Me:38 H:39 MLC M:10 R:23 years D6 S3 Bomb: Easter, 2007 "Every day may not be good, but there's something good in every day."
Neph, I wanted to rip a new one when I thought your H did that to S9 too! Aren't we bad. That is why it is so impotant to give them the benefit of the doubt. Make it a practice. If he is standoffish (is that a word?) then you can just assume it is because he is testing out your waters to see if you are angry. DBing is such a tight rope. Sometimes it is hard to know if we are supposed to be postive, confidant humble, but overall I am not sure if a entiltement and DB go hand in hand. It may take a little humbleness (is that a word?) to DB sometimes. We may have to carry the load, like Donna and OT mentioned, until the WAS is strong enough to pick up the slack later after Piecing. Still there are no guarantees but you have done so WELL!!! You are on your way to becoming one of those success stories on the forum. Truly well done.

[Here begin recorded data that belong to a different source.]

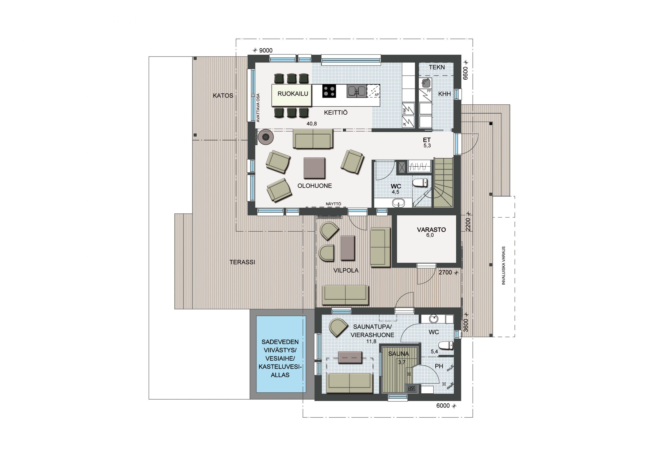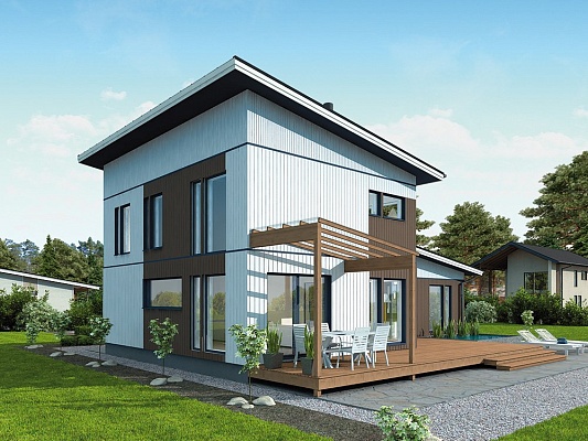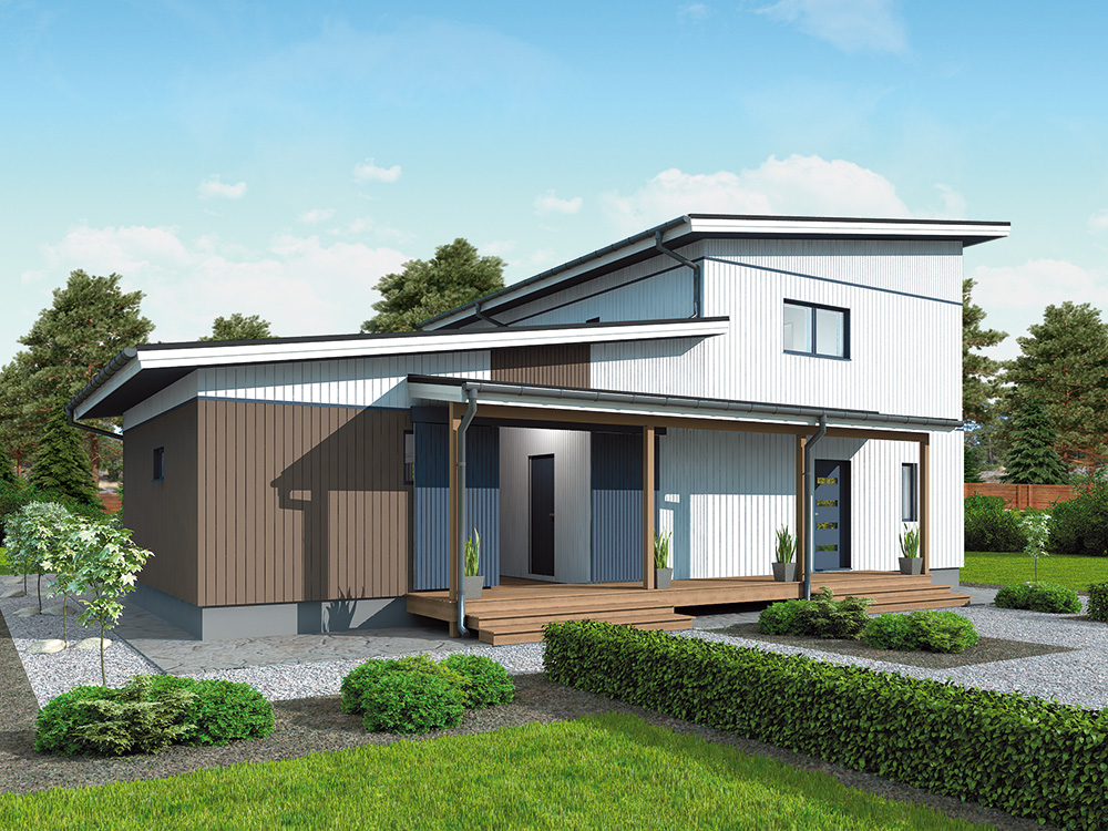 - Индивидуальная внешняя отделка фасада: Деревянная доска - скандинавский профиль UYV21х145, 21х95. Имитация бруса 20х145. Покраска укрывистыми или лессирующими красками Dufa/Фиброцементный сайдинг/битумная плитка (как на визуализации)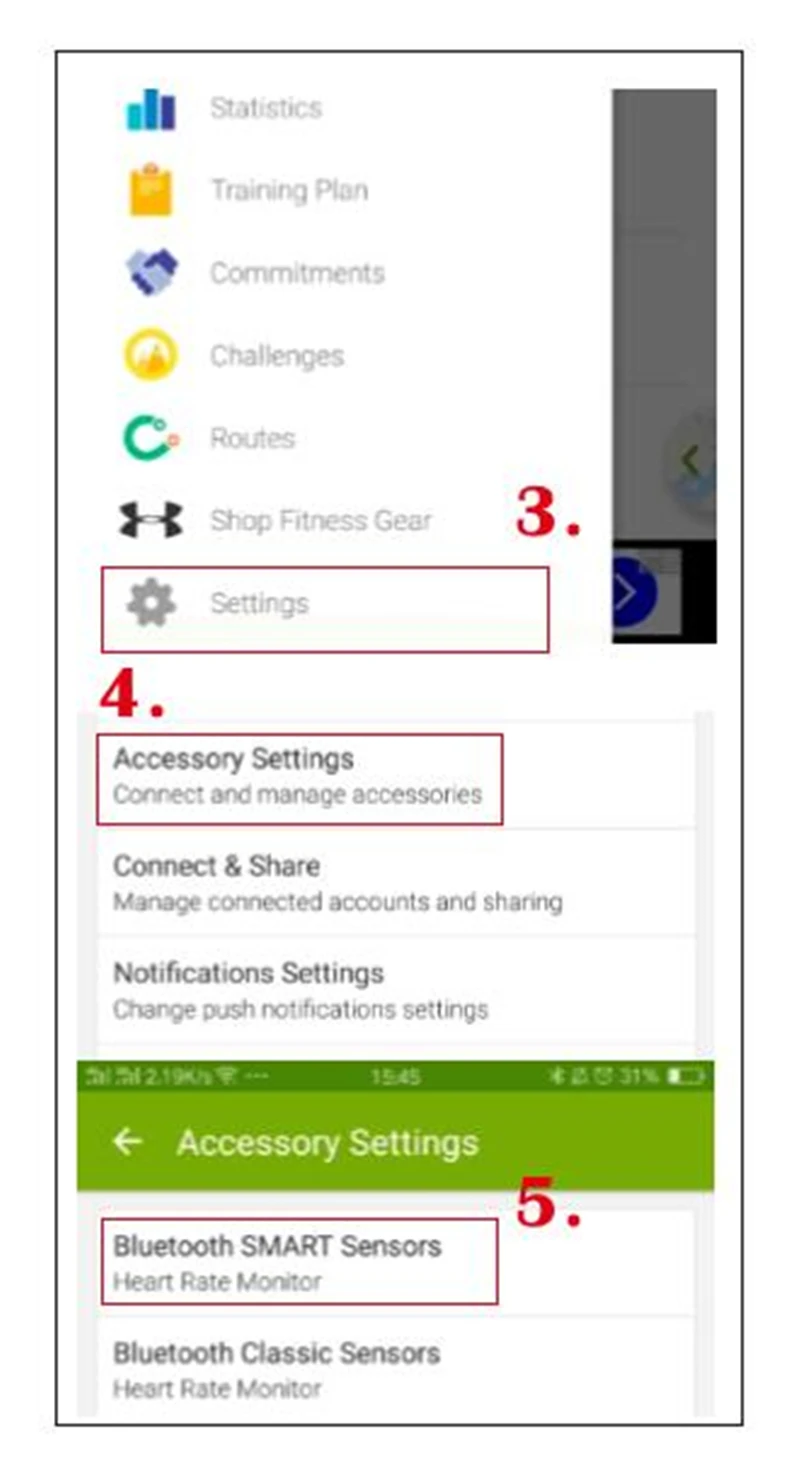 BT & ANT+ CONNECTING: Connect the strap wirelessly via BT 4.0 or ANT+ with your phone, GPS watch or treadmill.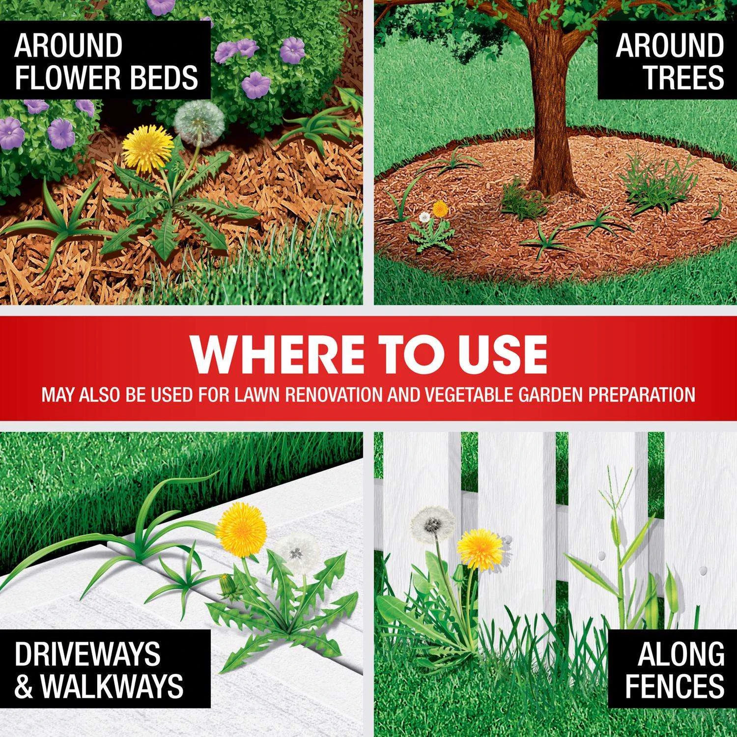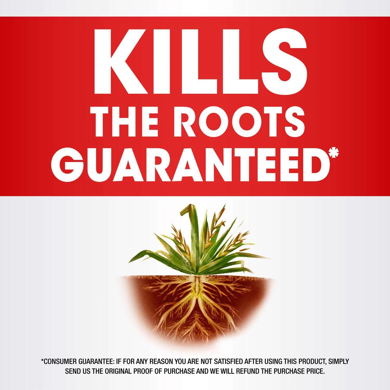 Great value for larger areas. Roundup brand products help you triumph over the toughest weeds and Roundup Concentrate Plus Weed & Grass Killer now features an easy measure cap that helps to make using concentrates easy to use. Roundup Concentrate Plus Weed & Grass Killer is perfect for use around shrubs and trees, on patios, walkways, driveways, gravel areas and mulch and along fences and foundations. Do Not Use for spot weed treatment after planting any fruits or vegetables. It is also ideal for large jobs including lawn replacements or garden plot preparation. For best results, add 6 fl. oz. of concentrate to one gallon of water. Use of a Roundup brand sprayer is recommended. The formula is rainproof in 30 minutes and with FastAct Technology, you will see visible results in as fast as 9 hours. Kill the toughest weeds and grasses to the root with Roundup Concentrate Plus Weed & Grass Killer. Kills tough weeds and grasses to the root Rainproof in 30 minutes FastAct® Technology – visible results in as fast as 9 hours For use around flowers, shrubs, and trees; on patios, walkways, driveways, gravel areas, and mulch beds; along fences and foundations; in large areas for lawn replacements or garden plot preparation Apply with a Roundup® brand tank sprayer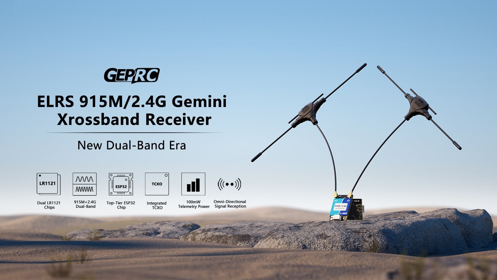 GEPRC ELRS 915M/2.4G Gemini Xrossband imtuvas – tai nauja dviejų dažnių sistema, sukurta remiantis atvirojo kodo projektu ExpressLRS. Jis sukurtas pagal trečios kartos „Semtech“ LR1121 RF lustą ir palaiko 150–960 MHz (sub-GHz) bei 2.4 GHz dažnių juostas, leidžiančias tuo pačiu metu perduoti du dažnius. Dviejų dažnių režime užtikrinamas padidintas atsparumas trukdžiams ir sistemos stabilumas. TCXO užtikrina patikimą veikimą esant įvairioms temperatūroms, o telemetrijos siuntimo galia siekia iki 100 mW. Integruota Wi-Fi antena leidžia lengvai atnaujinti programinę įrangą, o SH1.0 jungtis supaprastina montavimą.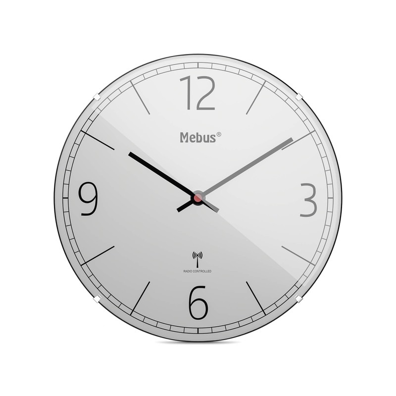 Mebus Radio-Controlled Wall Clock, Silent, Dome Glass, Frameless, Grey, Model 12986 - Modern Design and Exact Time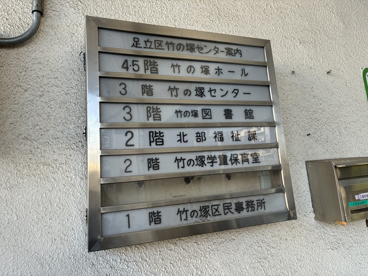 竹の塚センター通りに出て北方向に進みます。竹の塚センター前交差点の角に、竹の塚地域学習センターがあります。竹の塚地域学習センターは、文化活動・体験や研修など様々な学習の機会を提供し、サークル等の自主的な活動を支援する生涯学習のための施設です。部屋の貸出・多様な講座の開催・図書館の利用など、様々な事業の他、特色としてコンサートの開催なども行っています。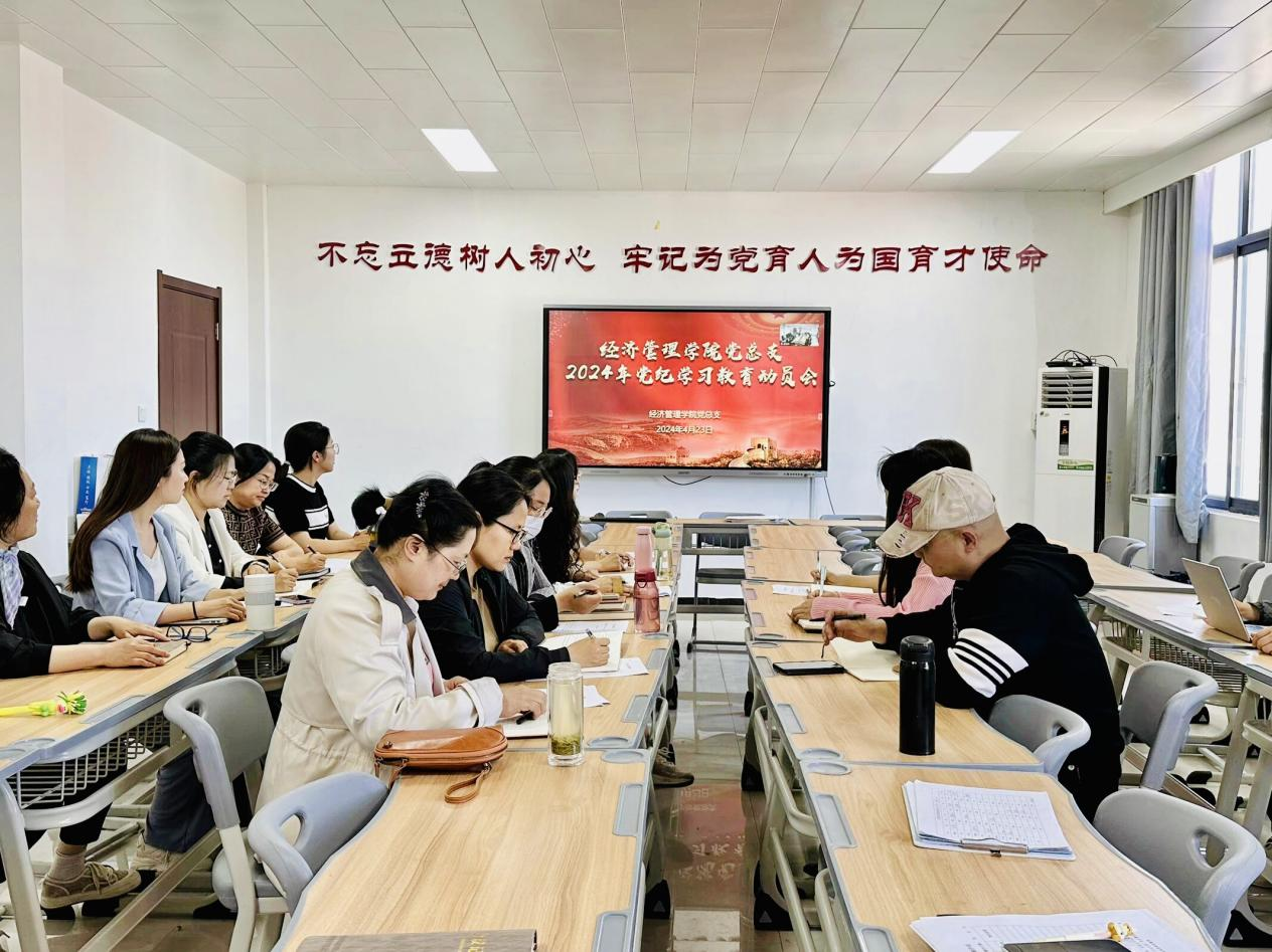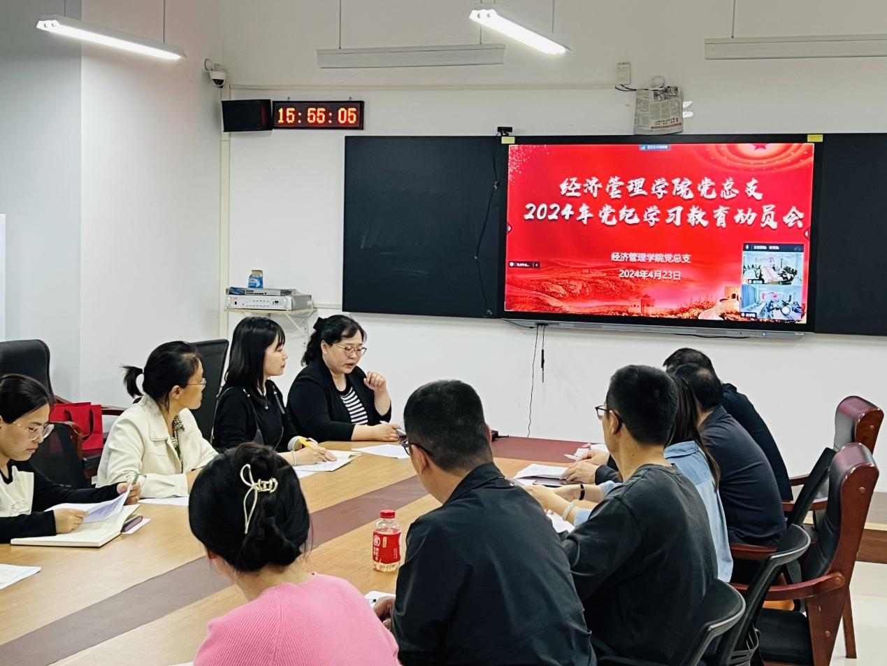 2024年4月23日,beat365英国官网网站启动部署党纪学习教育相关工作。书记李兆楠主持会议,全体党员教师参加会议。
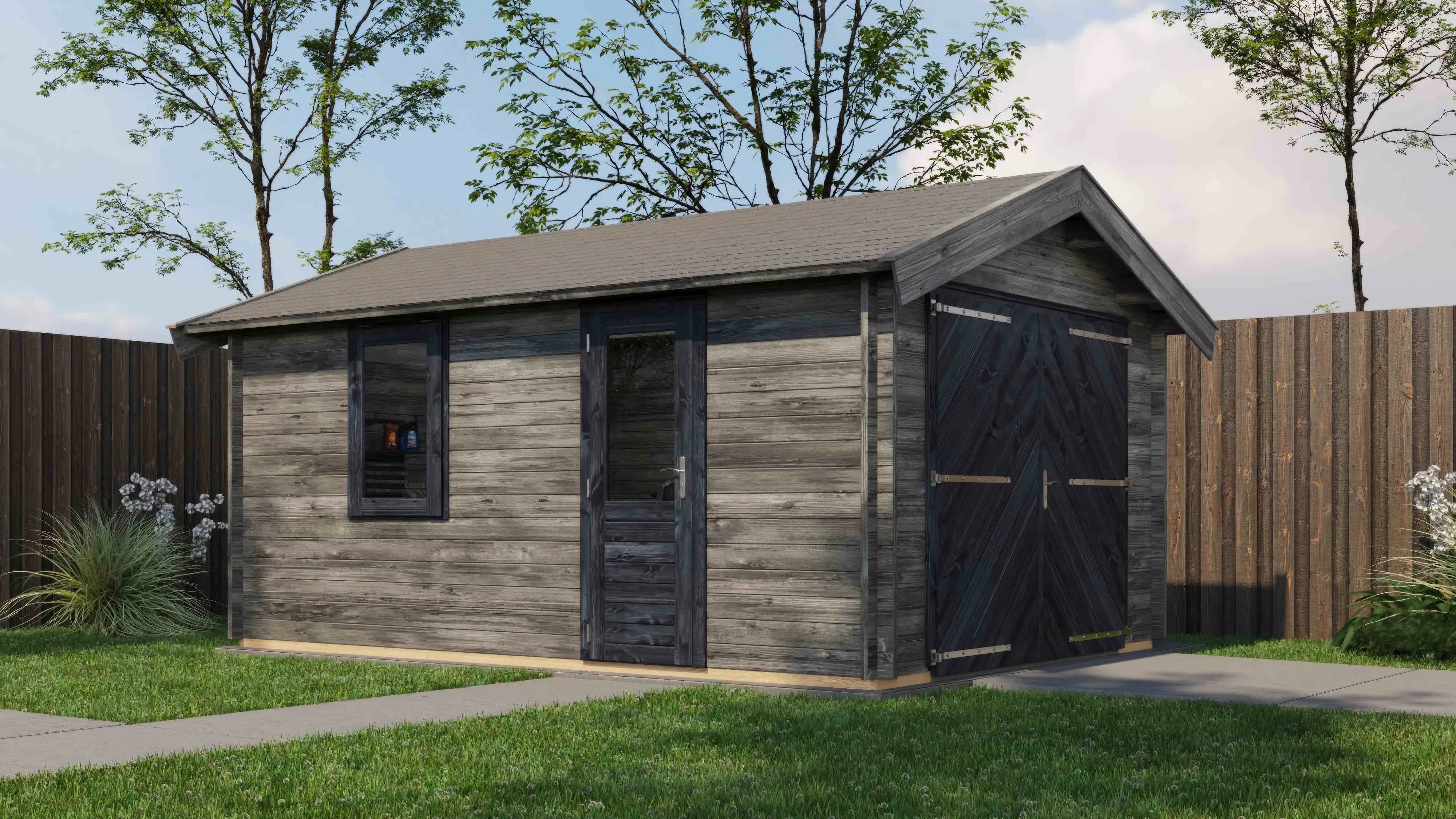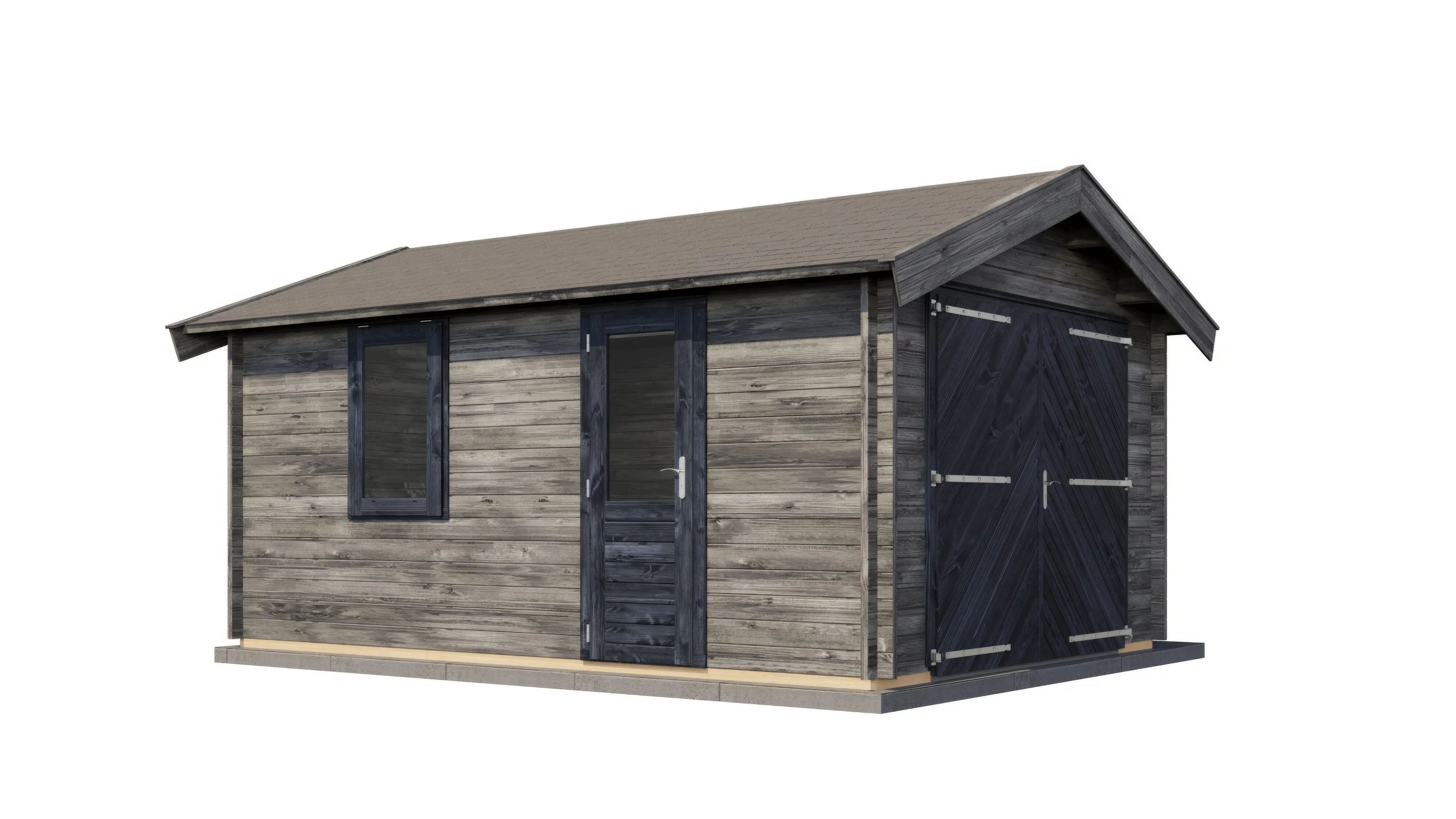 Produktinformationen "Lugarde Select Blockhaus Hamminkeln mit Garagentor 350x500cm - Kesseldruck Grau"

I am aslo down two or three sizes but I am less confident about me body. I think it has something to do with being single. I used to have a H who worshipped my size 12 body and the fact that I pushed out his proginy from this goddess body. Now I feel empty about my size 7 body with my boobs that nursed for 4 years and my tummt with stretch marks for my babies. sigh. I feel like what otherman should ever see me naked but he has seen another person naked nightly for seven months or more!!! Crazy!
Last edited by mkultra; 10/20/0705:28 PM.
Me:38 H:39 MLC M:10 R:23 years D6 S3 Bomb: Easter, 2007 "Every day may not be good, but there's something good in every day."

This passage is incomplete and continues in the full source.